GIVEN INFORMATION ::
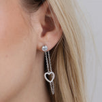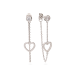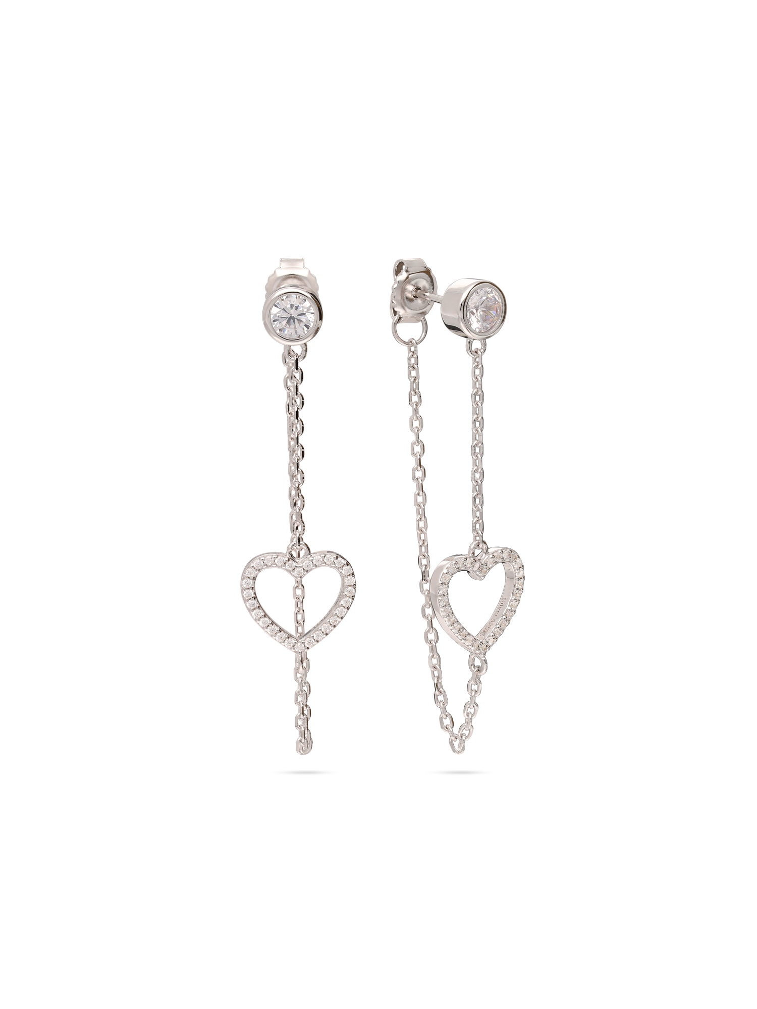 Pendentes, Prata de lei 925, Zircónia de cultivo, Claro, Coração, Feito à mão, Prateado, comprimento do brinco: 5.0 cm, largura do brinco: 1.2 cm, 4.22 gramas.
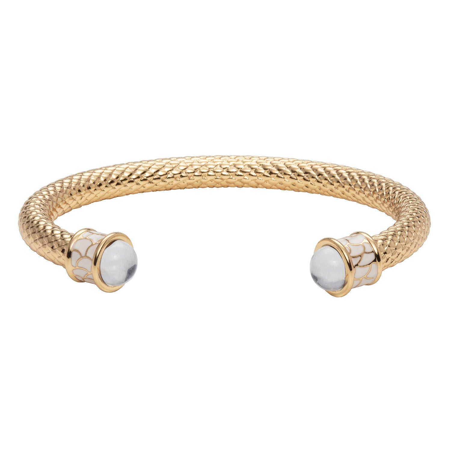 This versatile, hugely popular accessory is fitted with glistening glass cabochons at either end, and lends itself beautifully both to stacking with other styles or wearing solo.
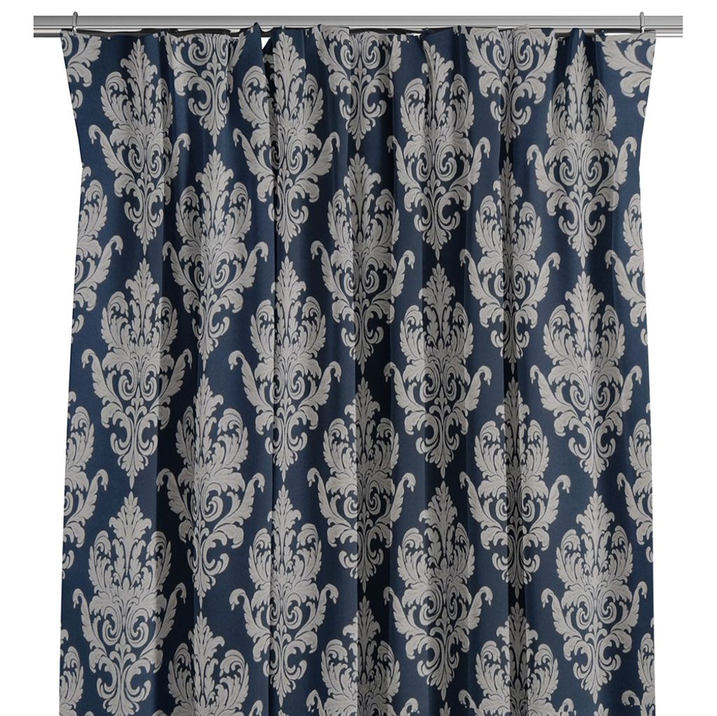Stilgardiner med blå botten och beige medaljonger en overlocksöm nertill.
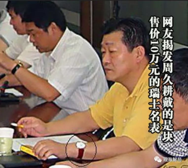2008年12月14日,有网友发帖称,“周局长一条烟抵下岗工人3个月低保。”配发照片注:“九五至尊”,一条1500元!12月15日,有网友发帖指认周久耕所戴手表是“江诗丹顿”,价值约10万元。
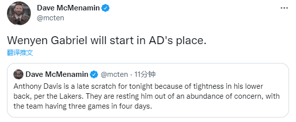 浓眉因伤缺战太阳,加布里埃尔将顶替浓眉首发出战,上一场比赛,加布里埃尔替补上场19分钟,8投3中拿到6分10篮板4盖帽;湖人官方删推并且再次变阵,新的首发五虎是詹姆斯、威少、贝弗利、加布里埃尔和里夫斯。
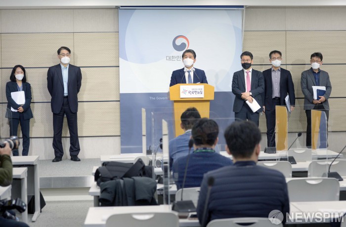 [서울=뉴스핌] 주영준 산업통상자원부 산업정책실장이 11일 오전 정부세종청사 제4공용브리핑실에서 환경부 기후탄소정책실과 함께 '요소·요소수 긴급수급조정조치 고시 제정 및 시행 관련 합동브리핑'을 하고 있다. [사진=산업통상자원부] 2021.11.11 photo@newspim.com
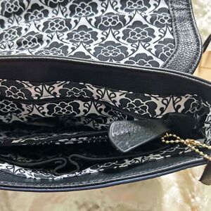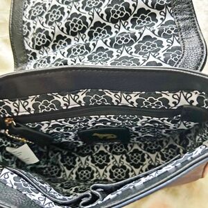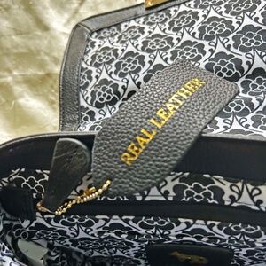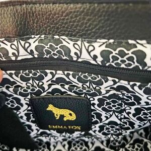 SATCHEL/CROSSBODY, EMMA FOX, LEATHER, BLACK NAVY BEIGE, HAS TOP HANDLE, REMOVABLE/ADJUSTABLE SHOULDER STRAP, METAL TURN HASP CLOSURE, LINED, LOTS POCKETS, TAGS ON NEW NEVER USED, NO DAMAGE
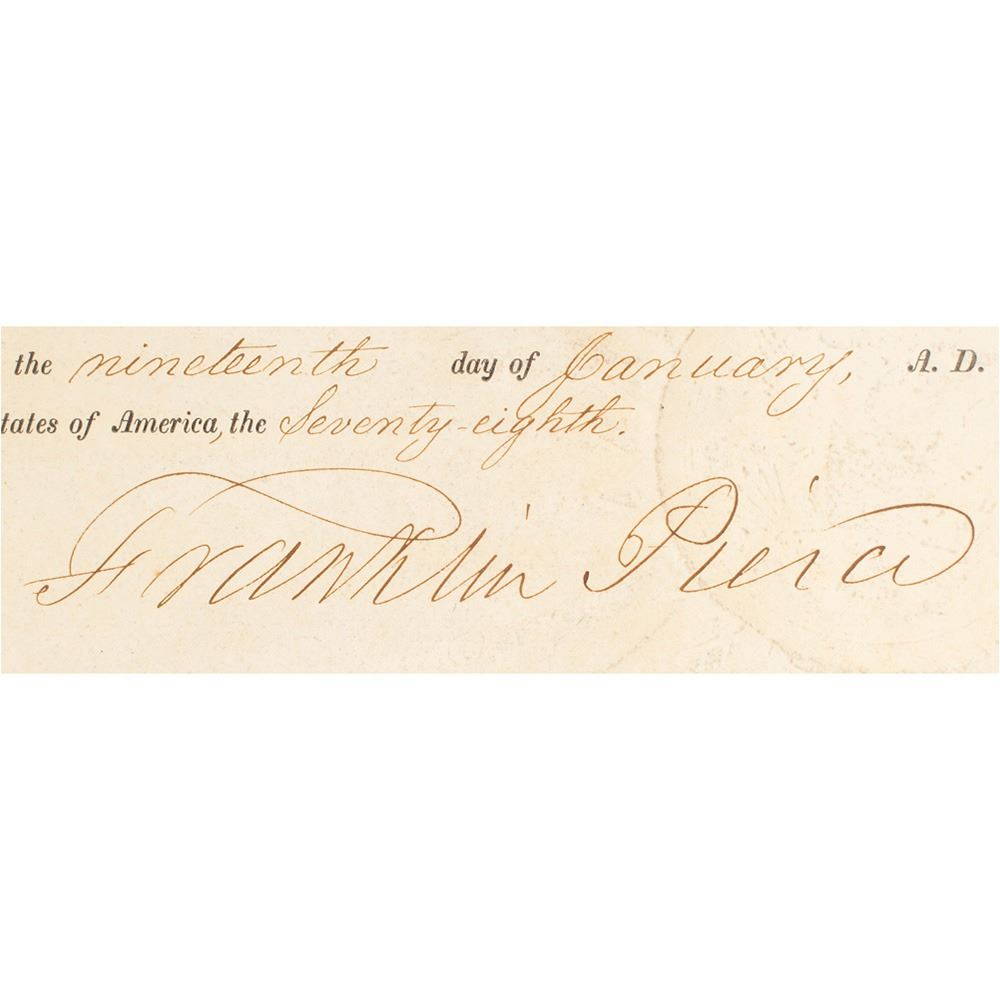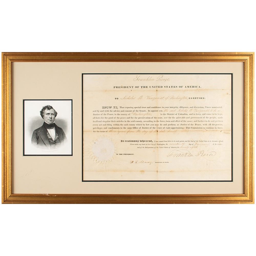 Partly-printed DS as president, one page, 15.75 x 11, January 19, 1854. President Pierce appoints Nicolas B. Vanzandt "to be a Justice of the Peace" in the District of Columbia. Prominently signed at the conclusion in ink by President Pierce, and countersigned by Secretary of State William Marcy. The seal affixed to the lower left remains intact. Nicely double-matted and framed with a portrait to an overall size of 26.5 x 16. In very good to fine condition, with light toning and soiling, some small stains, and small areas of paper loss along the intersecting folds.
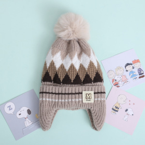 儿童保暖帽子秋冬季针织加厚毛线帽男女童菱形防风加绒护耳帽百搭
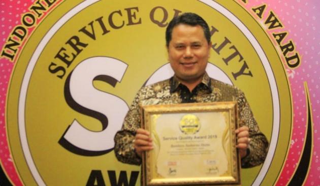 Executive General Manager Bandara Soekarno-Hatta, Agus Haryadi saat mendapatkan penghargaan tertinggi (Diamond Award) di Service Quality Award (SQA) 2019.
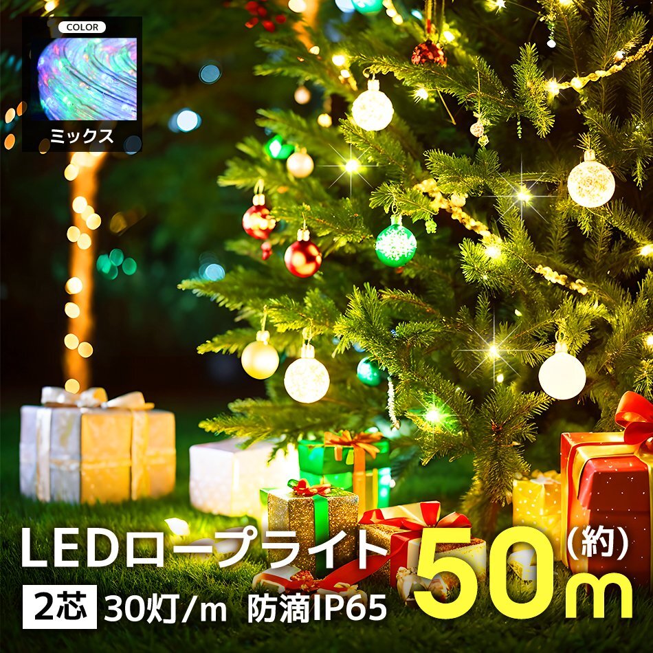 イルミネーション LED ライト 屋外 クリスマス 計1500球 50m カット可能 防水 チューブライト イルミネーションライト 電飾 ミックス
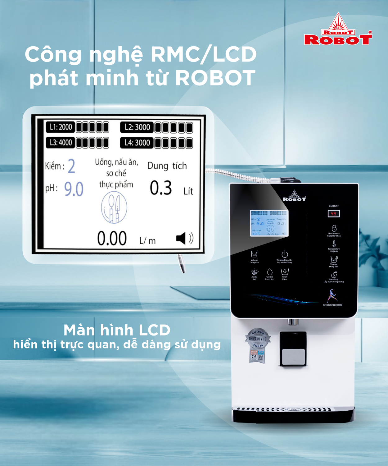 Công nghệ RMC/LCD cho phép quản lý hoạt động máy đồng thời mang đến các chức năng tiện ích, an toàn. Thông tin được hiển thị trực tiếp trên màn hình LCD: từ tuổi thọ lõi lọc, mức pH và công dụng, lưu lượng và nhiệt độ nước kết hợp thông báo bằng giọng nói cho trải nghiệm dùng nước hiện đại và đầy tiện nghi.
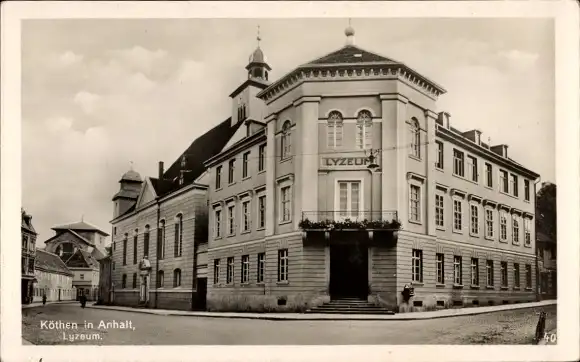 Ak Köthen in Anhalt, Lyzeum Gebäude, Straßenansicht, r Stil
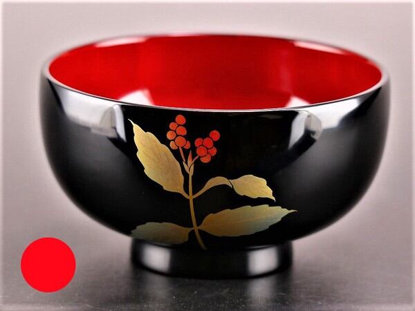 誕生花付き汁椀 朱 12月15日 千両(センリョウ) / 生活雑貨 食器・キッチン 碗・椀
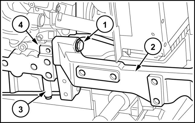 44. Remove the bolts (1) fastening the front axle support (2) to the engine. Remove the adjuster spacers for the support - monobloc (4) / sump (3)
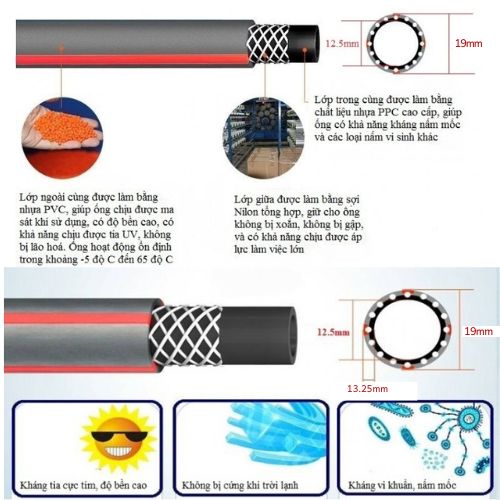 - 20 mét ống trong khung lô và 1 mét ống cấp nước phi 14 kết cấu 3 lớp chất lượng cao

YOUR TASK :: Print nothing but the lines above starting with the line that contains "儿童保暖帽子秋冬季针织加厚毛线帽男女童菱形防风加绒护耳帽百搭" and going on through the line that contains "イルミネーション LED ライト". Leave out the pictures.

ANSWER BOX ::
 儿童保暖帽子秋冬季针织加厚毛线帽男女童菱形防风加绒护耳帽百搭
 Executive General Manager Bandara Soekarno-Hatta, Agus Haryadi saat mendapatkan penghargaan tertinggi (Diamond Award) di Service Quality Award (SQA) 2019.
 イルミネーション LED ライト 屋外 クリスマス 計1500球 50m カット可能 防水 チューブライト イルミネーションライト 電飾 ミックス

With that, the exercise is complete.